New NIEHS chief wants to forge greater connections with regulators
The woman who took the helm of the US National Institutes of Health’s environmental science agency in January has spent the bulk of her three-decade career researching the health effects of environmental pollutants. Linda Birnbaum, who is the first toxicologist to head NIEHS, hopes her expertise will help inform US policy.
Birnbaum’s return to the National Institute of Environmental Health Sciences (NIEHS) comes after working there for nearly 10 years in the 1980s. In 1989 she headed to the US Environmental Protection Agency (EPA) and spent 16 years as director of their experimental toxicology division, which carries out multidisciplinary research to improve the scientific basis of chemical risk assessment.
She also had a temporary stint as the director of EPA’s human studies division, which conducts research into human health risks associated with environmental pollution.
At NIEHS Birnbaum oversees an annual budget of $730 million (?500 million), which funds multidisciplinary biomedical research programmes and supports more than 1200 research grants. She emphasises that her institute’s purview is science, not politics.
In her new position, Birnbaum aims to have greater contact than her predecessors did with EPA and other regulatory agencies. ’I hope that we can dramatically increase those interactions,’ she says. ’Work funded by NIEHS may help address some of the issues that confront EPA, for example.’
Under the former Bush administration, federal agencies like EPA were accused of allowing the chemical industry to have too much influence over regulatory decision-making. The allegations included inappropriate and disproportionate representation of corporate interests on government science advisory committees. Although Birnbaum shares these concerns, she is quick to point out that one cannot simply discredit industry scientists.
’Full disclosure and balanced panels are what we need, but I don’t think we should ignore people because of who they work for,’ she tells Chemistry World.
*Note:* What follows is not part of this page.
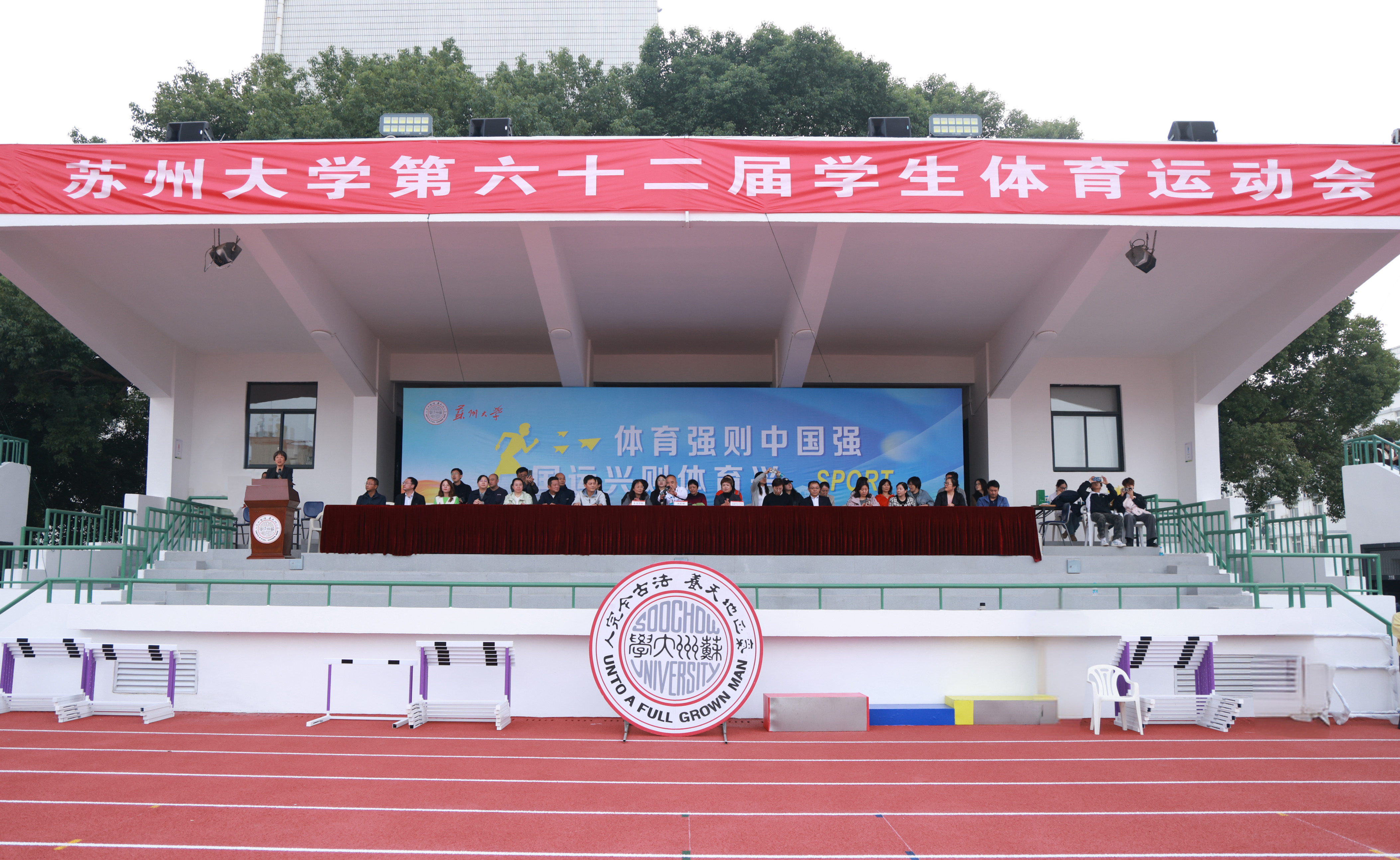 10月31日上午,我校第六十二届学生体育运动会举行。校长张桥,党委常委、副校长姚建林、查佐明、王云杰,苏州苏大教育服务投资发展(集团)有限公司董事长、总裁韦曙和,以及各职能部门和各学院(部)主要负责人出席本次运动会开幕式。开幕式由查佐明主持。

Birnbaum’s goal of fostering enhanced coordination between NIEHS and regulatory agencies is interesting in light of her stance on the controversial chemicals like Bisphenol A (BPA). The compound - a common ingredient in plastic baby bottles and food storage containers - has been linked with serious reproductive and developmental problems like breast cancer, and more recently it has been associated with heart disease as well as diabetes.
As director of NIEHS, Birnbaum also heads the US government’s National Toxicology Program (NTP), which is an interagency programme charged with evaluating agents of public health concern. Last year, an NTP panel concluded that there was ’minimal concern’ about the reproductive and developmental effects of BPA. Following the report, NTP’s associate director, John Bucher, said there is ’considerable uncertainty’ about whether the harmful effects of BPA seen in the animal studies are directly applicable to humans.
Birnbaum herself takes a pragmatic approach to BPA safety. ’There is enough information to say that [BPA] levels that have been reported in the American public are similar to levels that have been reported in experimental animals where effects have been seen,’ she tells Chemistry World. ’To me that is important, but we have to be very careful that we don’t jump from proverbial frying pans into proverbial fires.’
Beyond BPA, Birnbaum is also an expert on another contentious type of chemical - dioxins. Labelled a ’known human carcinogen’, dioxins have been linked with health problems involving reproduction, sexual development, and the immune system.
The Obama administration is currently being lobbied by a coalition of over 100 environmental health and social justice groups to release EPA’s decades-long study of the toxicity of dioxin, and to withdraw a dioxin reassessment that was ordered in the last days of the Bush administration. Although EPA has been studying dioxins since the 1980s, the agency has issued no safety assessment. In a 16 January letter, the 100 associations request that Obamadirect EPA to cancel the ’unnecessary review’ and make public its unfolding research so that ’protective dioxin policies and standards’ can be pursued.
Birnbaum has authored papers linking dioxin exposure with mortality from both ischemic heart disease and all cardiovascular disease. She has called dioxin ’a very potent growth dysregulator.’
At NIEHS, Birnbaum expects to have to be mired in controversy and claims to be up to the challenge. But, she is also hopeful about the Obama administration and EPA’s new director, chemical engineer Lisa Jackson.
’Many of us are anticipating that the tone of government is going to change,’ Birnbaum states, pointing out that Obama and his team have identified the environment and health as top priorities. ’Many of us hope that the slowdown or blockage of regulations will change,’ she says.
She succeeds David Schwartz, whose leadership of the NIEHS was tarnished by allegations of overspending, mismanagement, and alleged conflicts of interest. He left NIEHS in May 2008 to assume a research position with the National Jewish
Medical and Research Centre in Denver, Colorado, US. The accusations against him, which included disregarding established extramural grant approval policies and procedures, were the subject of congressional investigation.